All Ceph clusters must use a public network. However, unless you specify an internal cluster network, Ceph assumes a single public network. Ceph can function with a public network only, but for large storage clusters, you will see significant performance improvement with a second private network for carrying only cluster-related traffic.
Red Hat recommends running a Ceph storage cluster with two networks. One public network and one private network.
To support two networks, each Ceph Node will need to have more than one network interface card (NIC).
There are several reasons to consider operating two separate networks:
- Performance: Ceph OSDs handle data replication for the Ceph clients. When Ceph OSDs replicate data more than once, the network load between Ceph OSDs easily dwarfs the network load between Ceph clients and the Ceph storage cluster. This can introduce latency and create a performance problem. Recovery and rebalancing can also introduce significant latency on the public network.
-
Security: While most people are generally civil, some actors will engage in what is known as a Denial of Service (DoS) attack. When traffic between Ceph OSDs gets disrupted, peering may fail and placement groups may no longer reflect an
active + clean
state, which may prevent users from reading and writing data. A great way to defeat this type of attack is to maintain a completely separate cluster network that does not connect directly to the internet.
Network configuration settings are not required. Ceph can function with a public network only, assuming a public network is configured on all hosts running a Ceph daemon. However, Ceph allows you to establish much more specific criteria, including multiple IP networks and subnet masks for your public network. You can also establish a separate cluster network to handle OSD heartbeat, object replication, and recovery traffic.

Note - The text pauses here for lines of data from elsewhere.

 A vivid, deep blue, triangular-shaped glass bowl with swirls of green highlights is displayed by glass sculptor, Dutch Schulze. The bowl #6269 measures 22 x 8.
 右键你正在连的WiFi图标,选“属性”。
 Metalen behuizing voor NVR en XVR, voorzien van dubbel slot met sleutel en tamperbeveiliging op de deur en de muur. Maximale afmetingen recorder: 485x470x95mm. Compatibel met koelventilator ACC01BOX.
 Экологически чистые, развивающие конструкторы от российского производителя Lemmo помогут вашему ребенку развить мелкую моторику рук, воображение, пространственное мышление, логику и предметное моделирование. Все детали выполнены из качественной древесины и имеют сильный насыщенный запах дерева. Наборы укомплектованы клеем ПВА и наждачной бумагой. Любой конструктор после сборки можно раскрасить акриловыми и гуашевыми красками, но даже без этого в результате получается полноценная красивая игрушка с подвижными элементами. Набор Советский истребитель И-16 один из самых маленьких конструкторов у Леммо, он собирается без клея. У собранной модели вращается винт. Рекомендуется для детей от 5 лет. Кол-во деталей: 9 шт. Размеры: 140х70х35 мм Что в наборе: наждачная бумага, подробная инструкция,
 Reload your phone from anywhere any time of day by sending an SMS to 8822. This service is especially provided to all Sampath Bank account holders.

Do not confuse the IP addresses you set in the configuration with the public-facing IP addresses network clients might use to access your service. Typical internal IP networks are often 192.168.0.0
or 10.0.0.0
.
Ceph uses CIDR notation for subnets, for example, 10.0.0.0/24
.
If you specify more than one IP address and subnet mask for either the public or the private network, the subnets within the network must be capable of routing to each other. Additionally, make sure you include each IP address and subnet in your IP tables and open ports for them as necessary.

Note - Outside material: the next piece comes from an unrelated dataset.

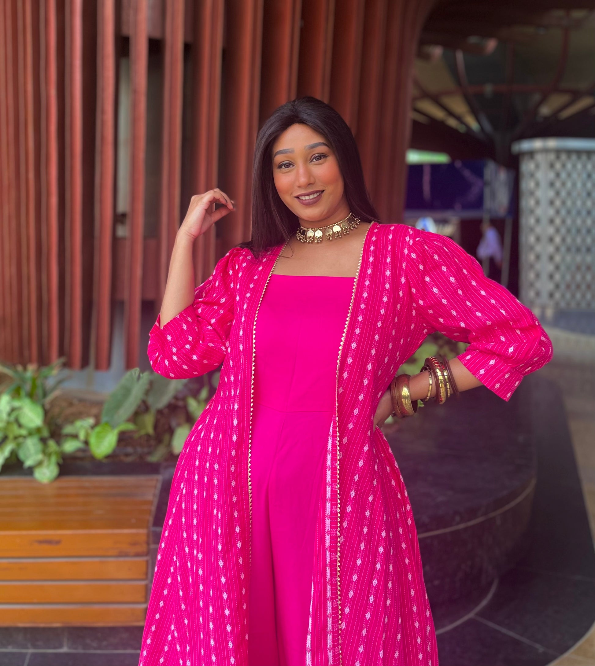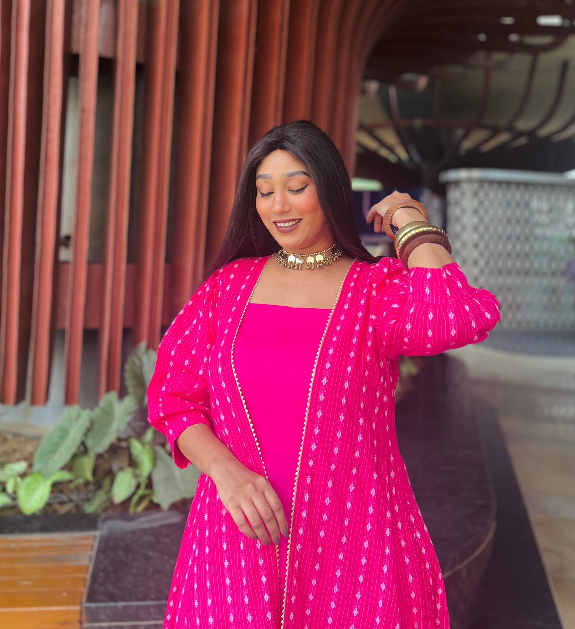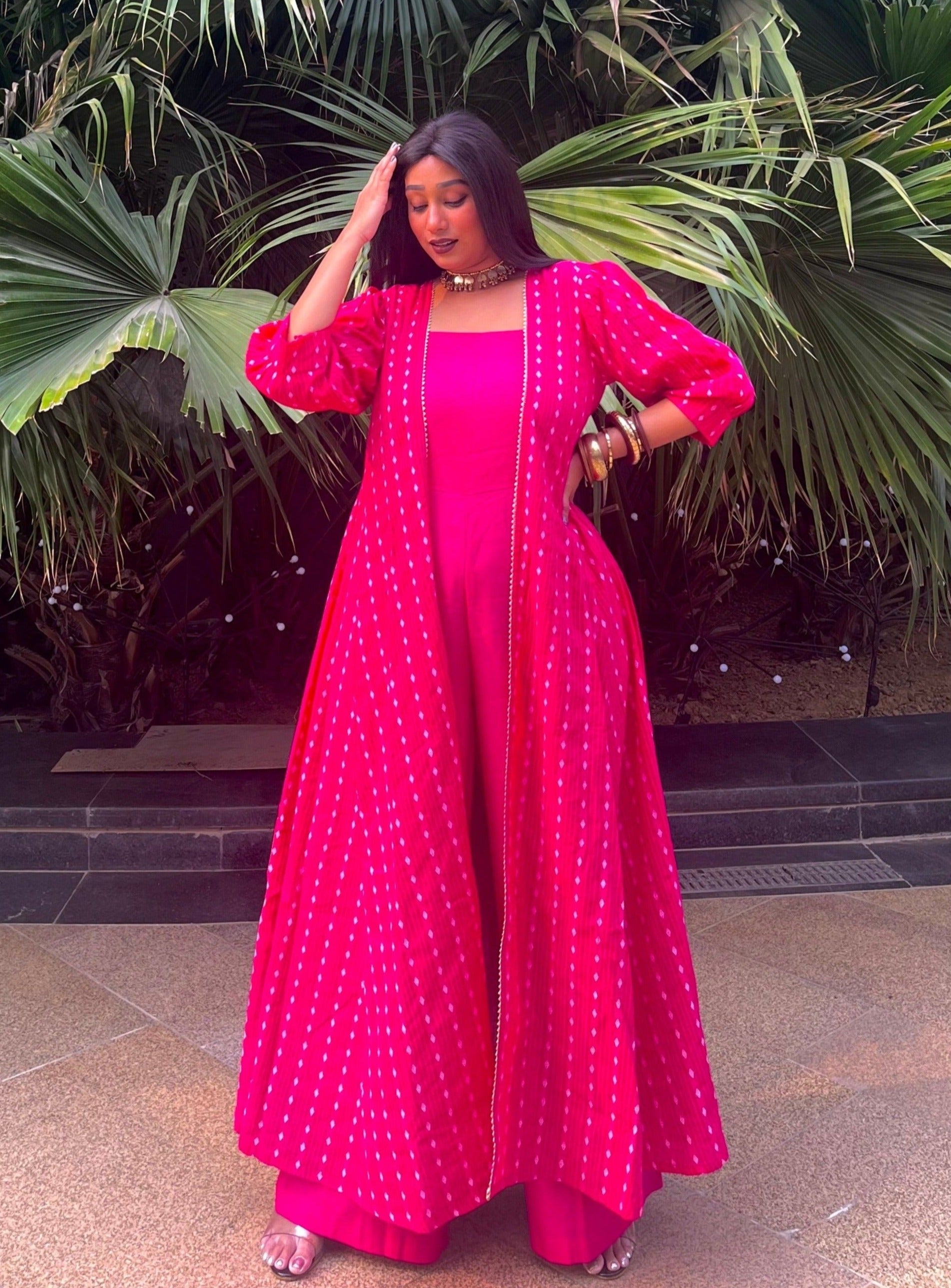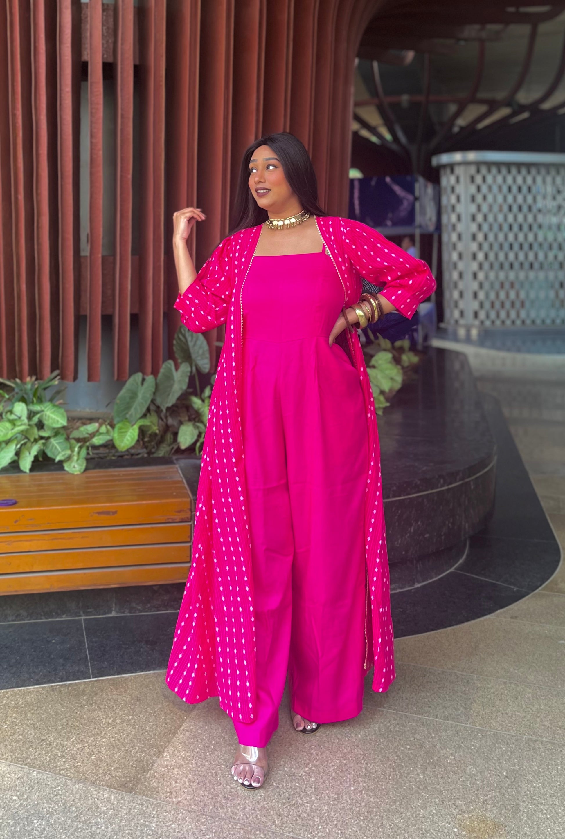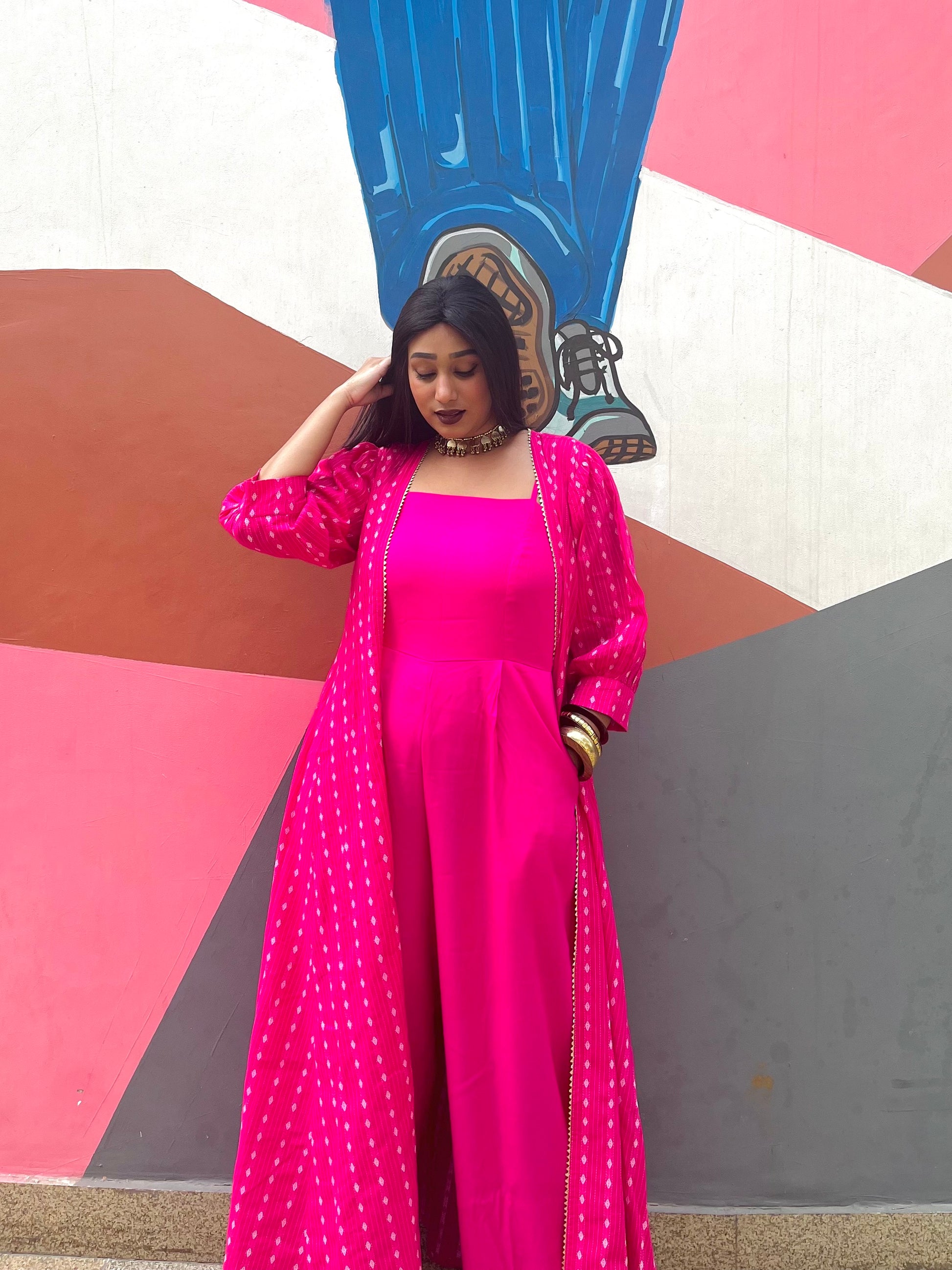 - All things bold, bright and luxe with our contemporary style jumspuit set that offers an ode to royal karigari. Designed in unison with a full-length hand embroidered kantha cape, meticulously curated to offer a truly opulent experience

When you configured the networks, you can restart the cluster or restart each daemon. Ceph daemons bind dynamically, so you do not have to restart the entire cluster at once if you change the network configuration.
Additional Resources
- See the common options in Red Hat Ceph Storage Configuration Guide, Appendix B for specific option descriptions and usage.
2.3. Ceph network messenger
Messenger is the Ceph network layer implementation. Red Hat supports two messenger types:
-
simple
-
async
In Red Hat Ceph Storage 4 and higher, async
is the default messenger type. To change the messenger type, specify the ms_type
configuration setting in the [global]
section of the Ceph configuration file.
For the async
messenger, Red Hat supports the posix
transport type, but does not currently support rdma
or dpdk
. By default, the ms_type
setting in Red Hat Ceph Storage 4 or higher reflects async+posix
, where async
is the messenger type and posix
is the transport type.
SimpleMessenger
The SimpleMessenger
implementation uses TCP sockets with two threads per socket. Ceph associates each logical session with a connection. A pipe handles the connection, including the input and output of each message. While SimpleMessenger
is effective for the posix
transport type, it is not effective for other transport types such as rdma
or dpdk
.
AsyncMessenger
Consequently, AsyncMessenger
is the default messenger type for Red Hat Ceph Storage 4 or higher. For Red Hat Ceph Storage 4 or higher, the AsyncMessenger
implementation uses TCP sockets with a fixed-size thread pool for connections, which should be equal to the highest number of replicas or erasure-code chunks. The thread count can be set to a lower value if performance degrades due to a low CPU count or a high number of OSDs per server.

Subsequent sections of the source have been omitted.